Antithèse
Figure de rhétorique dans laquelle des idées contrastées sont placées dans une structure grammaticale parallèle, aiguisant chacune en l'opposant à son contraire.
Dernière mise à jourL'antithèse est la juxtaposition délibérée d'idées opposées dans une forme grammaticale parallèle, de sorte que le contraste lui-même devient la source de la force rhétorique. Le trait définitoire n'est pas seulement la présence du contraste mais sa disposition : sujet en miroir contre sujet, verbe contre verbe, proposition contre proposition, jusqu'à ce que la structure de la phrase mette en scène l'opposition de sens. "C'était le meilleur des temps, c'était le pire des temps", l'incipit célèbre du Conte de deux villes de Dickens, est une antithèse canonique : structure de proposition identique, contenu opposé, et le résultat est une phrase qui semble en équilibre entre ses deux termes. L'antithèse est parfois confondue avec la juxtaposition, qui est la pratique plus large de placer côte à côte des choses dissemblables, et avec l'oxymore, qui fond les opposés en une seule expression au lieu de les séparer dans des structures parallèles. L'antithèse vit dans le parallélisme : enlevez-le, et il vous reste un contraste sans figure.
Le procédé est l'un des plus anciens de la rhétorique. Aristote a longuement traité l'antithèse dans sa Rhétorique, soutenant qu'elle plaît à l'oreille parce que les contrastes sont faciles à saisir et qu'elle persuade parce qu'elle rend nettes des distinctions morales ou politiques complexes. Cicéron et les orateurs classiques bâtissaient des argumentations entières sur des phrases antithétiques. La forme traverse les Écritures ("un temps pour pleurer, un temps pour rire"), le discours politique (Lincoln : "avec malice envers personne, avec charité envers tous" ; Kennedy : "ne demandez pas ce que votre pays peut faire pour vous, demandez-vous ce que vous pouvez faire pour votre pays" ; Neil Armstrong : "un petit pas pour l'homme, un bond de géant pour l'humanité") et la poésie (Pope : "l'erreur est humaine, le pardon divin"). Shakespeare l'utilise constamment pour la compression et la gravité ("être ou ne pas être" ; "le travail dans lequel nous nous délectons soigne la peine"). En français, on pense à Pascal ("l'homme n'est ni ange ni bête"), à Hugo ("il pleurait, riait, dormait, songeait, buvait"), à Voltaire et au goût classique pour la balance des contraires. Dans chaque cas, la grammaire parallèle fait double travail : elle rend la phrase mémorable et oblige le lecteur à peser les deux moitiés l'une contre l'autre au lieu de les recevoir simplement en séquence.
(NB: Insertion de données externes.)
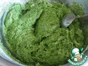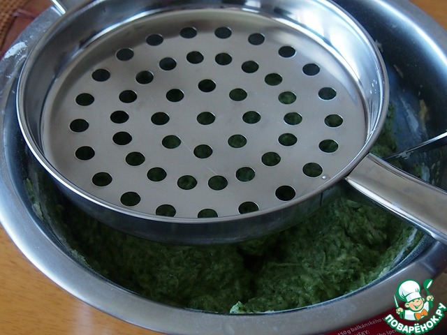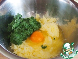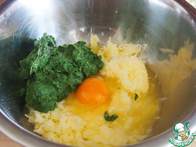 • Картофель натереть на мелкой терке. Если картофель дает очень много сока, то нужно слегка отжать лишнюю влагу, но не досуха. Добавить соль, яйцо, шпинат и муку.
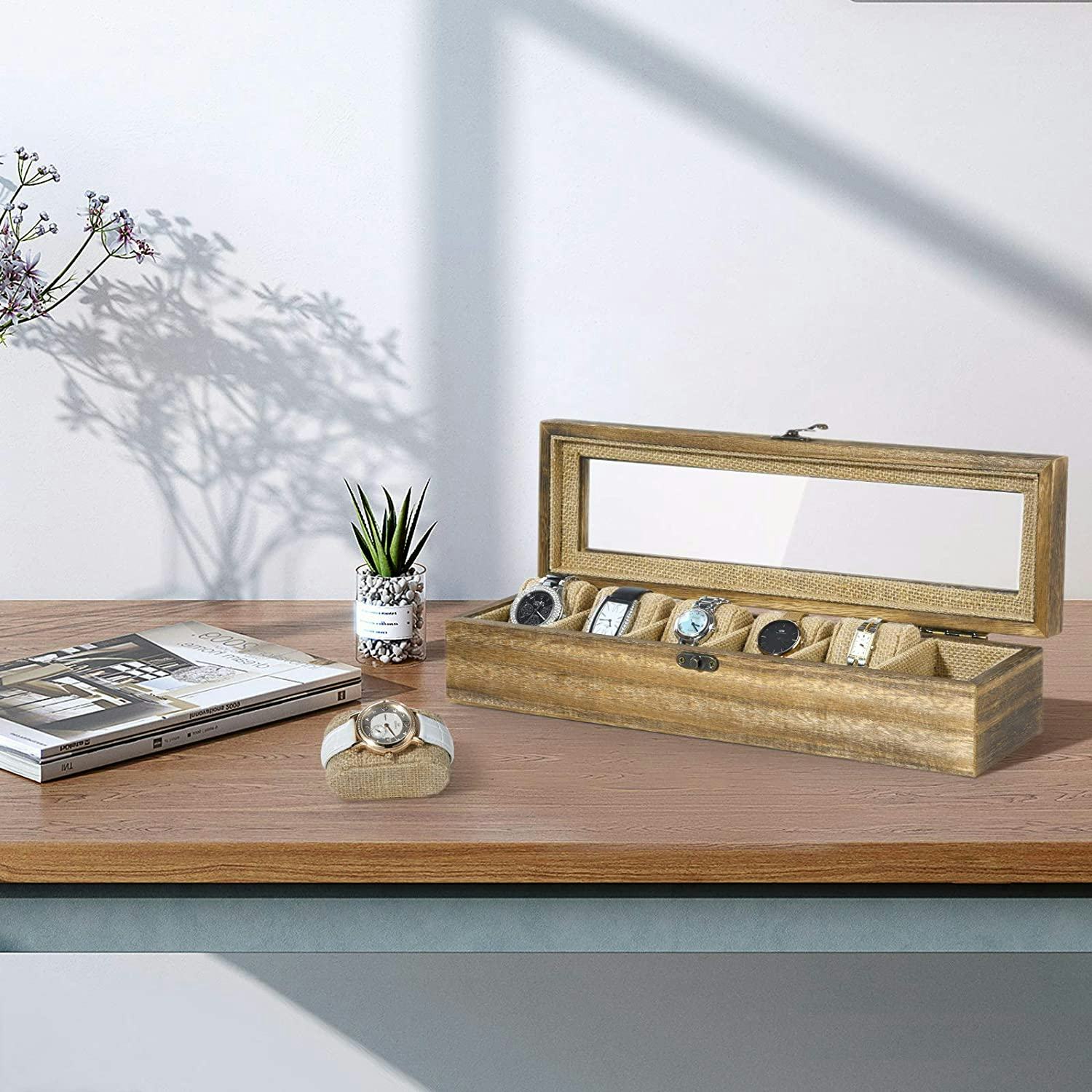 Keep your timepieces organized with this sophisticated watch box. Made from wood and glass with burlap cushioning on the interior, this case lets you display up to six of your favorite watches, even when you’re not wearing them, and keeps them protected from dust. Not a watch person? This also makes a great storage space for cufflinks, earrings, and other personal items.
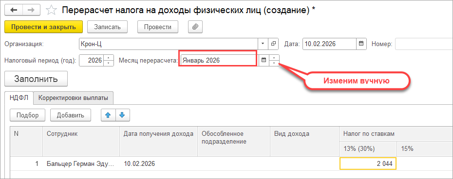 4. Меняем месяц в документе перерасчет НДФЛ на январь 2026 (документ Перерасчет НДФЛ не пересчитываем, просто меняем месяц), чтобы исчисленный НДФЛ увеличился правильно в расчетном листке января 2026.
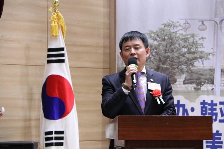 全國(guó)韓籍華人總聯(lián)合會(huì)總會(huì)長(zhǎng)、韓國(guó)新華報(bào)社社長(zhǎng)曹明權(quán)致大會(huì)開(kāi)幕詞。
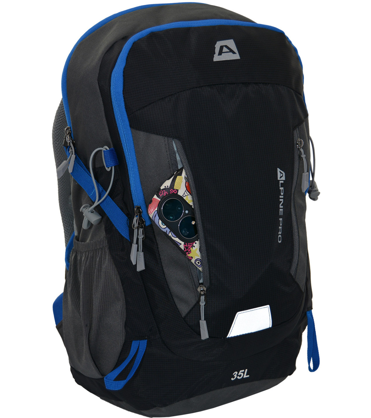 Outdoorový batoh SEDE s objemom 35 litrov je ideálny na každodenné použitie v meste, na dovolenke, výletoch i outdoorových aktivitách v prírode. Je vyrobený z vodeodolného materiálu a ponúka dve komory pre praktickú a efektívnu organizáciu. Je vybavený vystuženými bedrovými pásmi, polohovateľnými a vystuženými ramennými popruhmi, ktoré zaisťujú maximálne pohodlie. Praktické vrecká na drobné mince, kreditné karty, predné vrecko na zips, bočné vrecká zo sieťoviny a integrovaná nádoba na nápoje so sacou trubicou poskytujú dostatok priestoru pre všetko potrebné. Batoh obsahuje aj praktickú pláštenku a super píšťalku, má dlhé úchyty zipsov pre ľahkú manipuláciu a kompresné sťahovanie pre prispôsobenie objemu. Vďaka chrbtovému systému Air Channel a náprsnému sťahovaciemu popruhu je pohodlný aj pri dlhšom nosení. Reflexné prúžky zaisťujú lepšiu viditeľnosť.

Pour bien employer l'antithèse, écrivez d'abord la structure parallèle et ensuite le contraste. La figure récompense le miroir exact — même nombre d'accents, même forme syntaxique, souvent le même mot d'ouverture — et s'affaiblit avec des parallèles approximatifs qui ne s'alignent pas tout à fait. Servez-vous-en avec mesure : un paragraphe dense d'antithèses verse dans la pompe, tandis qu'une seule antithèse bien placée au climax d'un passage peut porter un poids considérable. Adaptez la figure au registre de la prose environnante ; l'antithèse est un procédé formel, et la lâcher dans une narration familière peut sonner précieux à moins que le contraste de ton ne soit voulu. Mettez chaque antithèse à l'épreuve en supprimant la structure parallèle et en regardant si le contraste sous-jacent garde sa force ; s'il la garde, la figure fait son travail, soulevant et clarifiant un sens déjà présent. Si le contraste s'effondre sans le parallélisme, l'antithèse est décorative plutôt que structurelle, et la phrase se lira probablement mieux sans elle.